AIM OF THE EXERCISE: Where a picture appears, skip it and copy everything else in the listing exactly.

GIVEN INFORMATION:

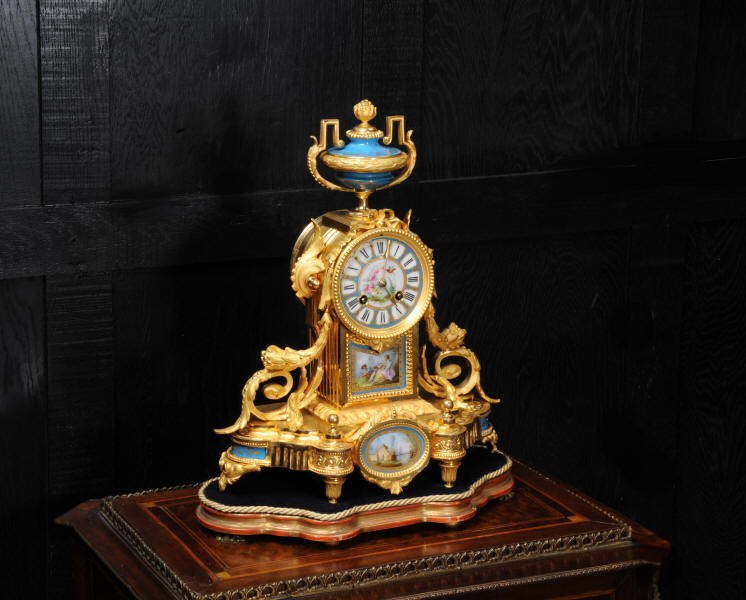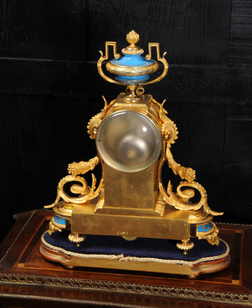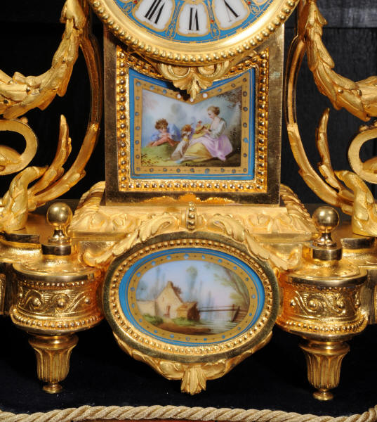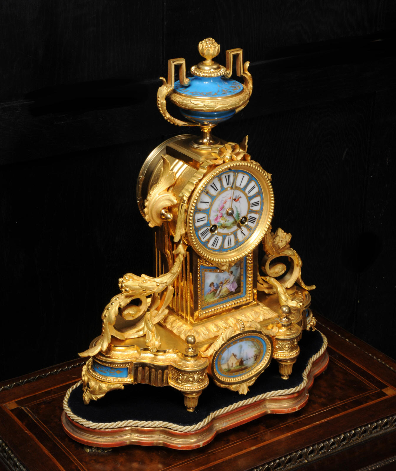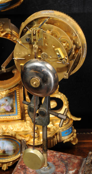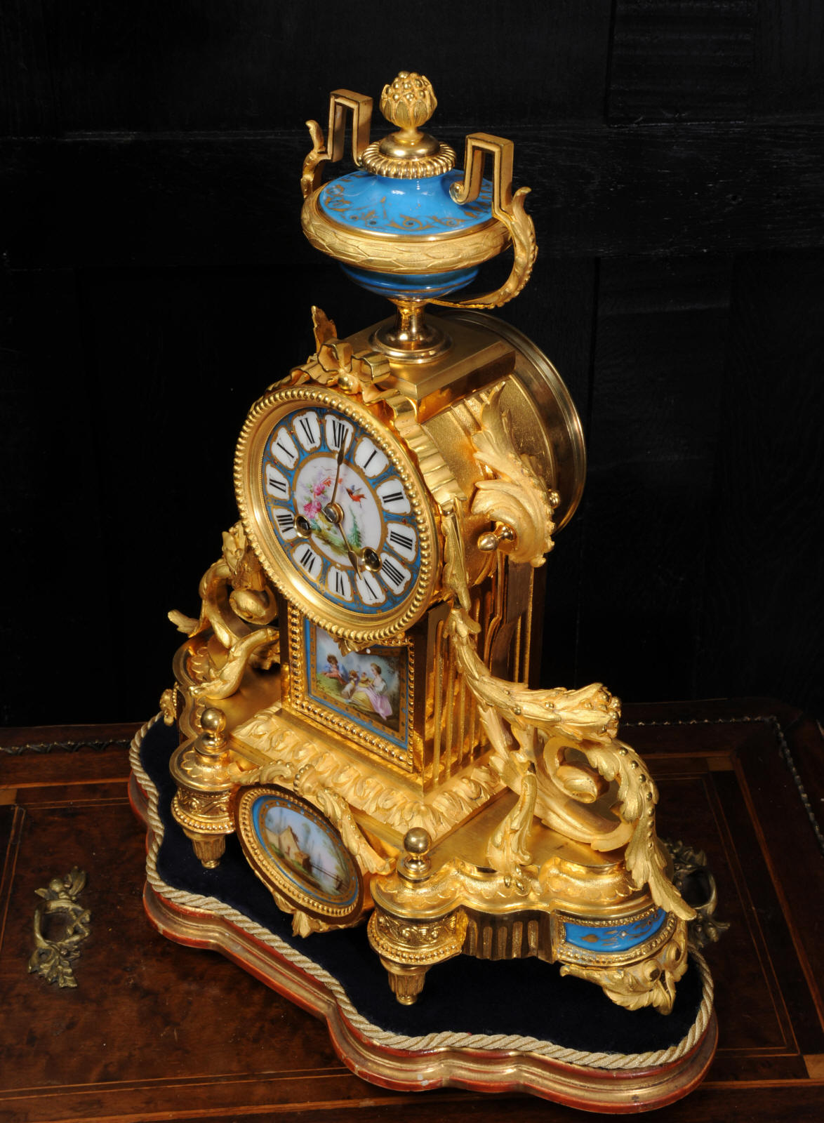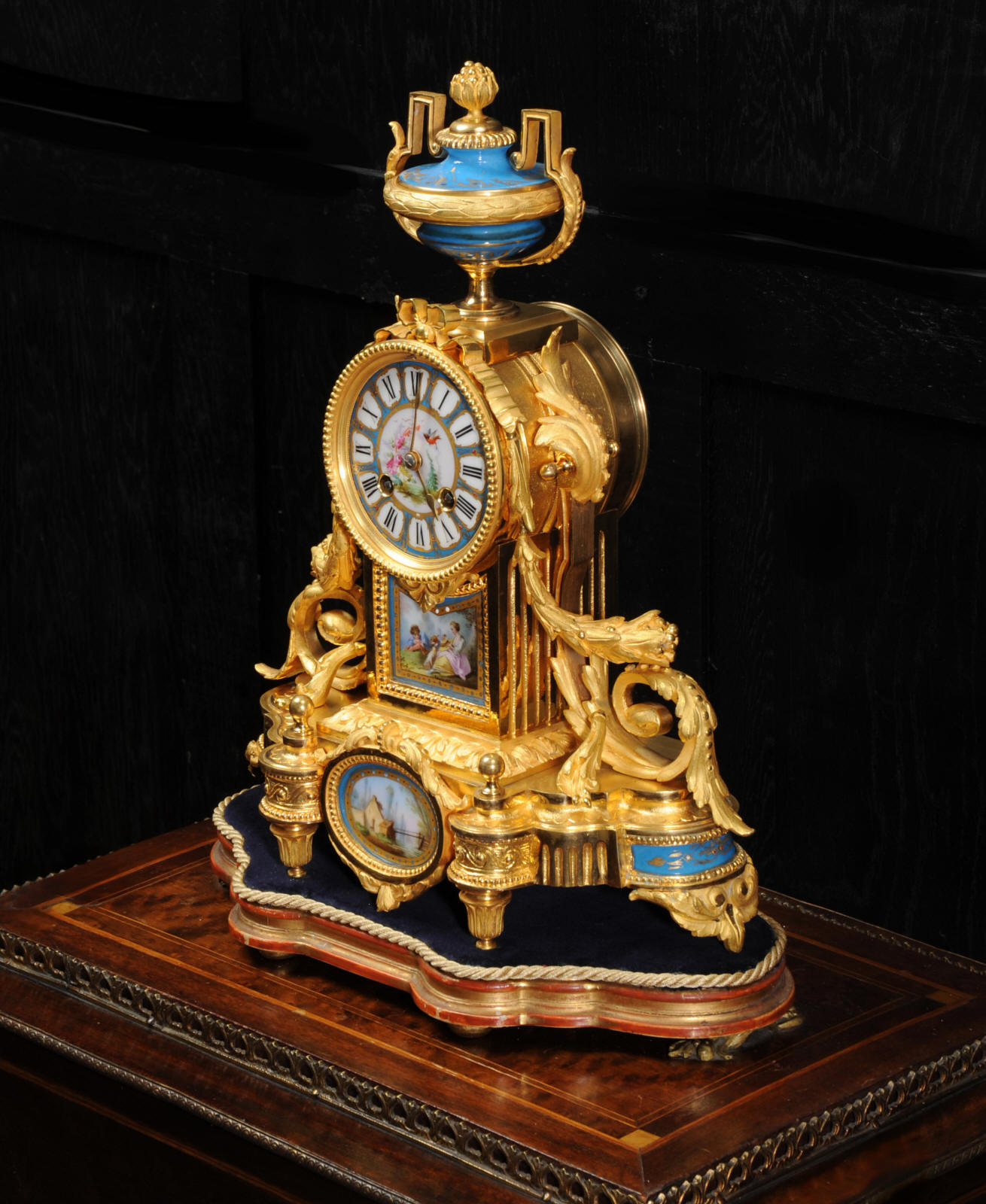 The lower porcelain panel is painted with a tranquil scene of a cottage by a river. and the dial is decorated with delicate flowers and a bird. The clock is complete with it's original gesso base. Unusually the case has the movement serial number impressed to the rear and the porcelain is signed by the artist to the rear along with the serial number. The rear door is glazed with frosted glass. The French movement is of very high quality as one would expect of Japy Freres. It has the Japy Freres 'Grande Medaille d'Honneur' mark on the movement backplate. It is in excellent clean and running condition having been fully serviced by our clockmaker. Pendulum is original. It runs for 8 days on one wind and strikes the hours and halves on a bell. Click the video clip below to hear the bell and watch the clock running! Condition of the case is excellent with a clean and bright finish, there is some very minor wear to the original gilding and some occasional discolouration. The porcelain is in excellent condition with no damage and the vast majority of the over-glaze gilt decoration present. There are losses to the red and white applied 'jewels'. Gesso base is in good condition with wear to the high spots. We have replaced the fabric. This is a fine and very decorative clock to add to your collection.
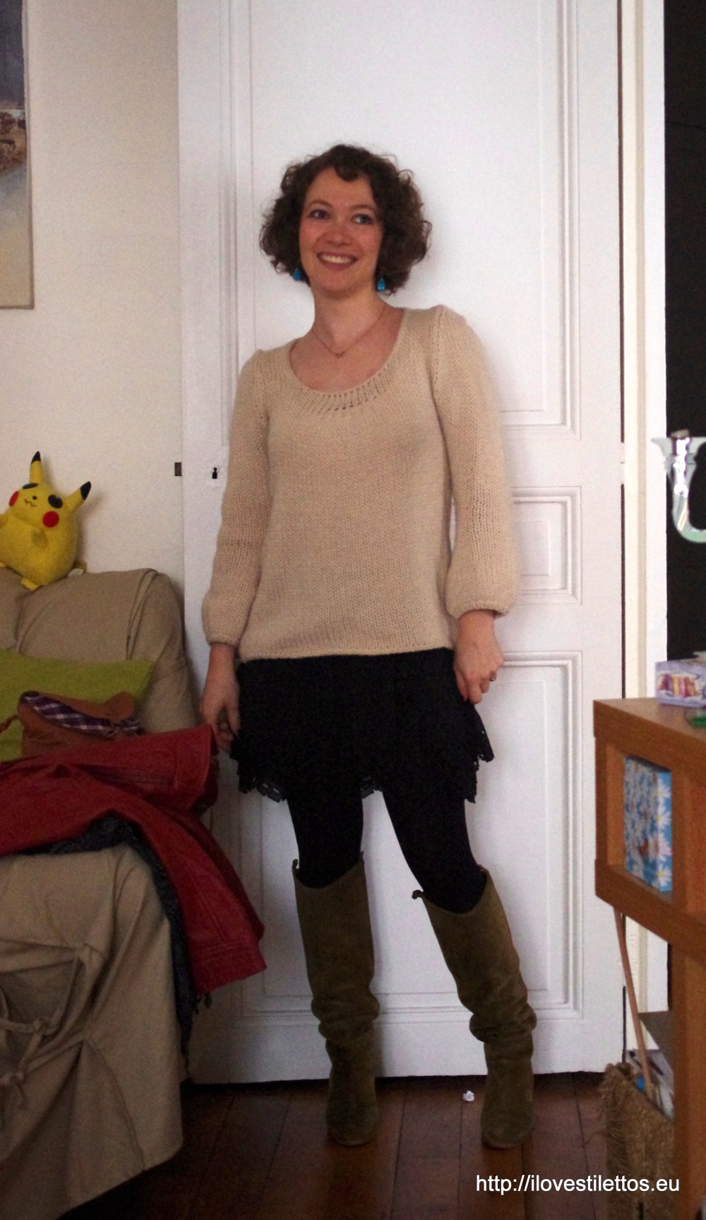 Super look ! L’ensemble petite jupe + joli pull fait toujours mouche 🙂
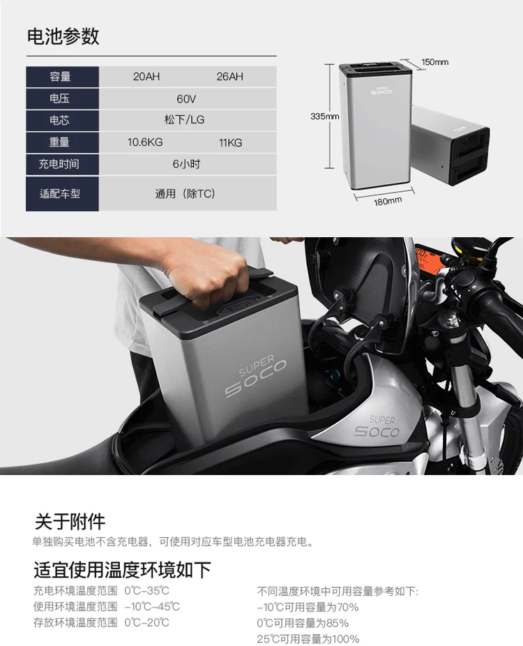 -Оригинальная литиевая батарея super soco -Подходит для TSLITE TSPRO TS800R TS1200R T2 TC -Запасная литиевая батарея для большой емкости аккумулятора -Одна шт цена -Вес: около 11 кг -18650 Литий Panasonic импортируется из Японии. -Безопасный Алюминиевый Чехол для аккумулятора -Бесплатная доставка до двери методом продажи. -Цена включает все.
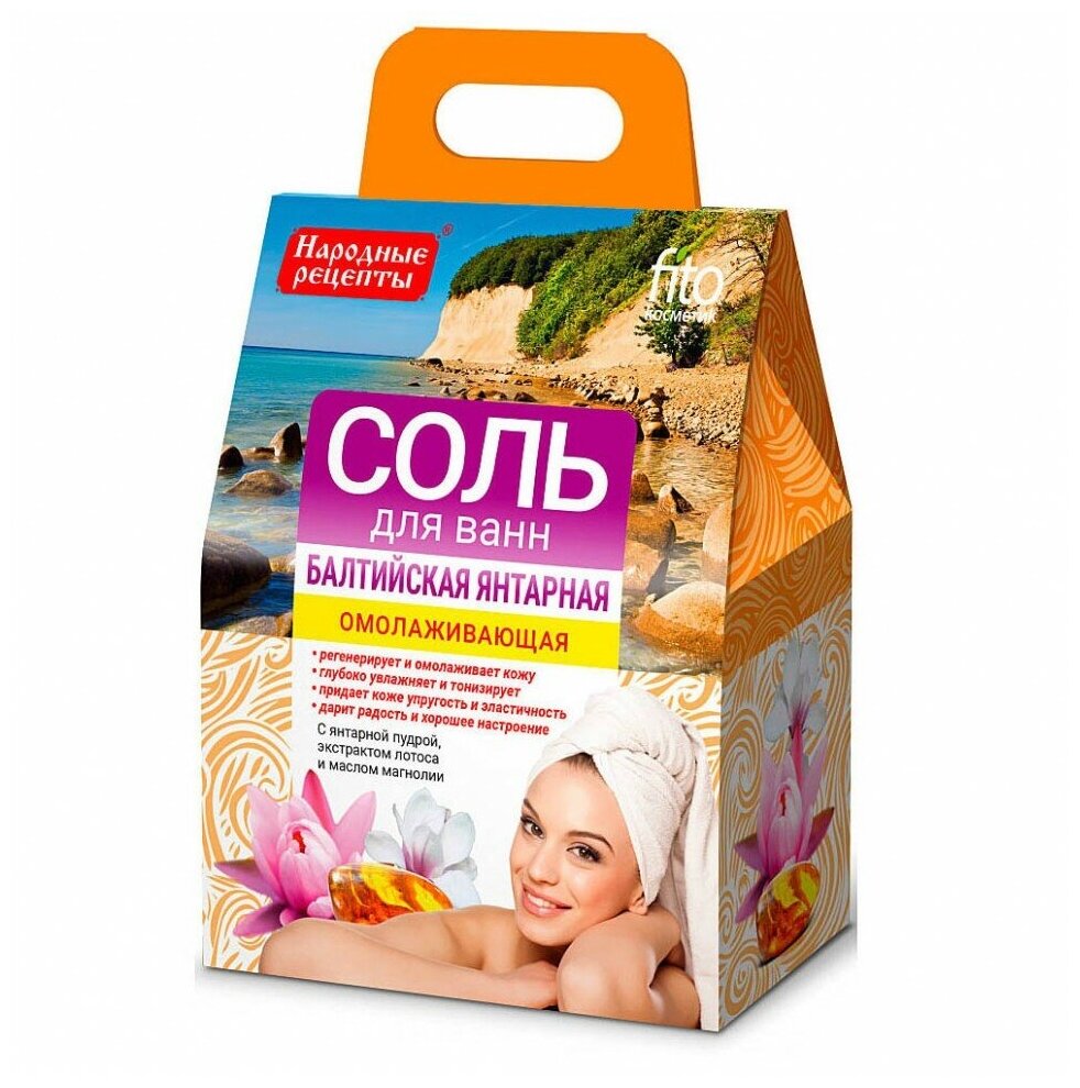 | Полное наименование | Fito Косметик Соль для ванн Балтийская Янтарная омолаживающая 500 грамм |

OUTPUT OF THE EXERCISE:
 The lower porcelain panel is painted with a tranquil scene of a cottage by a river. and the dial is decorated with delicate flowers and a bird. The clock is complete with it's original gesso base. Unusually the case has the movement serial number impressed to the rear and the porcelain is signed by the artist to the rear along with the serial number. The rear door is glazed with frosted glass. The French movement is of very high quality as one would expect of Japy Freres. It has the Japy Freres 'Grande Medaille d'Honneur' mark on the movement backplate. It is in excellent clean and running condition having been fully serviced by our clockmaker. Pendulum is original. It runs for 8 days on one wind and strikes the hours and halves on a bell. Click the video clip below to hear the bell and watch the clock running! Condition of the case is excellent with a clean and bright finish, there is some very minor wear to the original gilding and some occasional discolouration. The porcelain is in excellent condition with no damage and the vast majority of the over-glaze gilt decoration present. There are losses to the red and white applied 'jewels'. Gesso base is in good condition with wear to the high spots. We have replaced the fabric. This is a fine and very decorative clock to add to your collection.
 Super look ! L’ensemble petite jupe + joli pull fait toujours mouche 🙂
 -Оригинальная литиевая батарея super soco -Подходит для TSLITE TSPRO TS800R TS1200R T2 TC -Запасная литиевая батарея для большой емкости аккумулятора -Одна шт цена -Вес: около 11 кг -18650 Литий Panasonic импортируется из Японии. -Безопасный Алюминиевый Чехол для аккумулятора -Бесплатная доставка до двери методом продажи. -Цена включает все.
 | Полное наименование | Fito Косметик Соль для ванн Балтийская Янтарная омолаживающая 500 грамм |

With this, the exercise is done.